Illness and corona: main suspect in Litvinenko case dead

In 2006, the Russian Kremlin critic Litvinenko died of radioactive poisoning in exile in London.

Illness and corona: main suspect in Litvinenko case dead

In 2006, the Russian Kremlin critic Litvinenko died of radioactive poisoning in exile in London. Now one of the main suspects has died. The message comes from Moscow from the second suspect - including a tribute to the deceased.

One of the two main suspects in the murder of former Russian agent Alexander Litvinenko is dead. His "close and loyal friend" Dmitry Kovtun died suddenly of a "serious illness related to a coronavirus infection", said Andrei Lugovoi, MP and second main suspect in the case of Litvinenko.

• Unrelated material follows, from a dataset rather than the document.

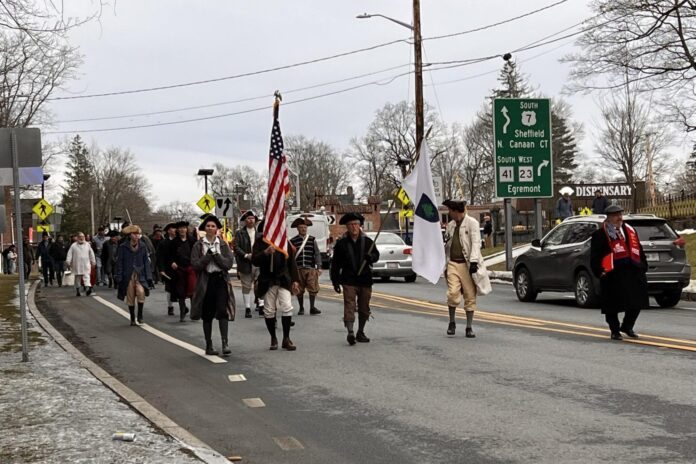 As the reenactors slowly made their way from the Historical Society to Town Hall, a commemorative event was held at the Mahaiwe Performing Arts Center featuring town representatives from Alford, Blandford, Egremont, Great Barrington, Monterey, Otis, Russell, and Sandisfield, along with various state representatives from Massachusetts and New York.

Former Russian agent and Kremlin critic Litvinenko died in exile in London in 2006 from poisoning with highly radioactive polonium. He had previously had tea with Russian businessmen and former KGB agents Kovtun and Lugovoi. The British police had identified Lugovoi and Kovtun as the main suspects and applied in vain for their extradition.

His death was "a terrible and irretrievable loss," said Lugovoi's statement about Kovtun. Kovtun died in a Moscow hospital, the Russian state news agency TASS wrote, citing people close to him.

In September last year, the European Court of Human Rights (ECtHR) declared that Russia was "responsible for the murder" of Litvinenko. There is a strong suspicion that the two perpetrators "acted as agents of the Russian state". Russia has denied any involvement in the case.